8 Appellate Case: 25-6024 Document: 27-1 Date Filed: 07/14/2025 Page: 9
Ms. Bralley’s argument against enforcement of the appeal waiver is essentially
a hybrid of Hahn’s second and third inquiries. However, her invocation of the
ineffective-assistance scenario under the third Hahn inquiry (miscarriage of justice)

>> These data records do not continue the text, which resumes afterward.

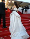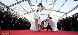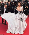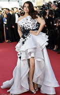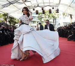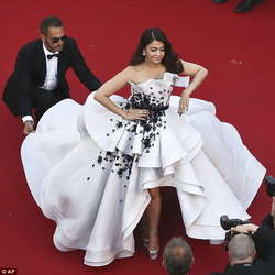 Как сообщает Day.Az со ссылкой на Daily Mail, 41-летняя индийская красавица появилась в огромном платье от Ralph & Russo. Платье было чрезмерно тяжелым, так что Айшвария испытывала трудности, шагая по красной дорожке. Рядом с ней стояли помощники, которые то и дело расправляли шлейф платья и помогали ей ходить и подниматься по лестницам.
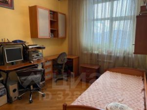 3 комната — Жилая, может выполнять роль детской или кабинета — 11,9 кв. м. Уютная комната с кроватью, рабочим столом и полками. Окна выходят во дворик.
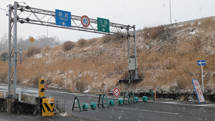 【バリケードが設置された上野東インター入り口=伊賀市四十九町で】
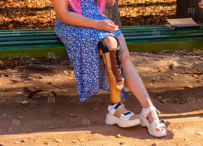 Красивая молодая женщина с ампутированной ногой в платье сидит на скамейке в парке в солнечный день. Жизнь продолжается несмотря ни на что
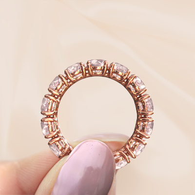This is our Vivienne 4.7 ring. This specific type is called an eternity ring and it is set with a continuous line of identically cut gemstones. The ring is made in 14 Carat rose gold and is set with small morganite champagne, 4.7 mm. The amazing morganite champagne are identical in size and are set in the ring band. Our morganite champagne are selected with great care so they are identical, which gives the best result. In order to get the best result, our artisans position all morganite champagne by hand with the utmost care. Our Goldsmiths have one ambition, which is creating the perfect ring. That is why we love what we do. In the end you get a stunning exclusive rose gold ring with a row of morganite champagne which seem to have no beginning nor end. The perfect symbol of your undying love for her! How special is that!After receiving your order, our goldsmiths will passionately start the creative process of making your ring in our own studio. Because we don't have a big stockpile, these costs will not be passed on to you. Our pricing is proof of that! We offer top quality jewels at lowest price, guaranteed.Our talented designers add new designs to our online collection daily. Together they create a diverse collection of the finest jewellery. If you prefer to make a ring according your own design, please feel free to request a quote. We will make you an amazing offer, based on quality and price.To make it easier for you, we offer a 30 day return policy. Check our terms and conditions.
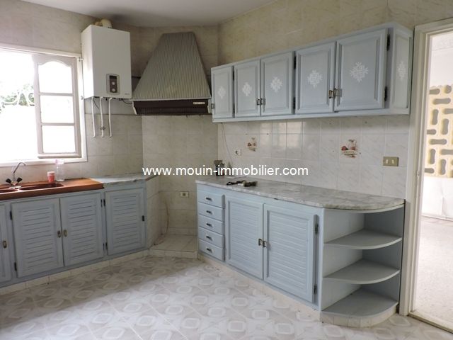 A louer à l'année une maison non meublée située dans un quartier résidentiel à Hammamet Nord. Elle se compose d'un hall d'entrée, un salon, une salle à manger, une cuisine, trois chambres à coucher, une salle de bain et une salle d'eau.

is misplaced. The inquiry there is “ineffective assistance of counsel in connection
with the negotiation of the waiver.” Hahn, 359 F.3d at 1327 (emphasis added;
internal quotation marks omitted). Ms. Bralley says nothing about the negotiation of
the waiver, but instead emphasizes Mr. Box’s alleged failure to explain the waiver to
her. This allegation is consistent with her remaining assertions, such as about the
district court’s allegedly inadequate explanation. It is also consistent with the
heading of her argument, which specifically challenges whether she knowingly and
voluntarily waived her appellate rights. We therefore view her argument as falling
solely under the second Hahn inquiry.
“When determining whether a waiver of appellate rights is knowing and
voluntary, we especially look to two factors. First, we examine whether the language
of the plea agreement states that the defendant entered the agreement knowingly and
voluntarily.” Id. at 1325. Here, the government points us to the section of the plea
agreement regarding the appeal waiver, which states that Ms. Bralley “knowingly and
voluntarily waives” her appeal rights. R. vol. I at 19. This relates to the appeal
waiver specifically, not to the plea agreement generally, but Ms. Bralley does not
argue this is inadequate. We also note that, during the change-of-plea hearing,
Ms. Bralley answered affirmatively to the district court’s question, “Is your plea of
9 Appellate Case: 25-6024 Document: 27-1 Date Filed: 07/14/2025 Page: 10
guilty and the waivers of your rights made voluntarily and completely of your own
free choice?” R. vol. I at 92. We therefore find the first requirement satisfied.
“Second, we look for an adequate Federal Rule of Criminal Procedure 11
colloquy.” Hahn, 359 F.3d at 1325. This is where Ms. Bralley focuses her argument.
She notes that the district court asked, “[D]o you understand that under the plea
agreement . . . you will be waiving or giving up your right to appeal or to collaterally
challenge the sentence that’s ultimately imposed by the Court except in some very
limited circumstances?” R. vol. I at 88–89. Ms. Bralley believes this reference to
“limited circumstances,” without more, was not enough to make sure she understood
the waiver.
This was not the full extent of the waiver discussion, however. The district
court also asked Ms. Bralley if she had discussed the waiver with Mr. Box and if she
understood “precisely what rights you’re waiving in that regard.” Id. at 89.
Ms. Bralley answered yes to both questions. The district court also asked Mr. Box if
his client understood the rights she was giving up, including through her appeal
waiver, and Mr. Box answered affirmatively. We conclude this is an adequate
Rule 11 colloquy.
Ms. Bralley says that her testimony at the § 2255 hearing should overcome the
foregoing because it shows she was confused or insufficiently informed. This
argument assumes Ms. Bralley testified credibly, and Mr. Box incredibly, on the issue
of pre-plea advice. The district court made no credibility finding on this issue
because the purpose of the hearing was to determine whether Ms. Bralley directed
10 Appellate Case: 25-6024 Document: 27-1 Date Filed: 07/14/2025 Page: 11
Mr. Box to appeal, not to inquire about Mr. Box’s pre-plea advice or lack thereof.
Absent such a finding, Ms. Bralley cannot carry her burden on this issue. See Hahn,
359 F.3d at 1329 (stating that the defendant bears the burden to present evidence that
she “did not understand the waiver” (internal quotation marks omitted)).
For all these reasons, we find Ms. Bralley knowingly and voluntarily waived
her appellate rights.
III. CONCLUSION
We dismiss this appeal as moot to the extent Ms. Bralley seeks to challenge
her sentence. As to the remainder of the appeal, we grant the government’s motion to
enforce the appeal waiver and dismiss.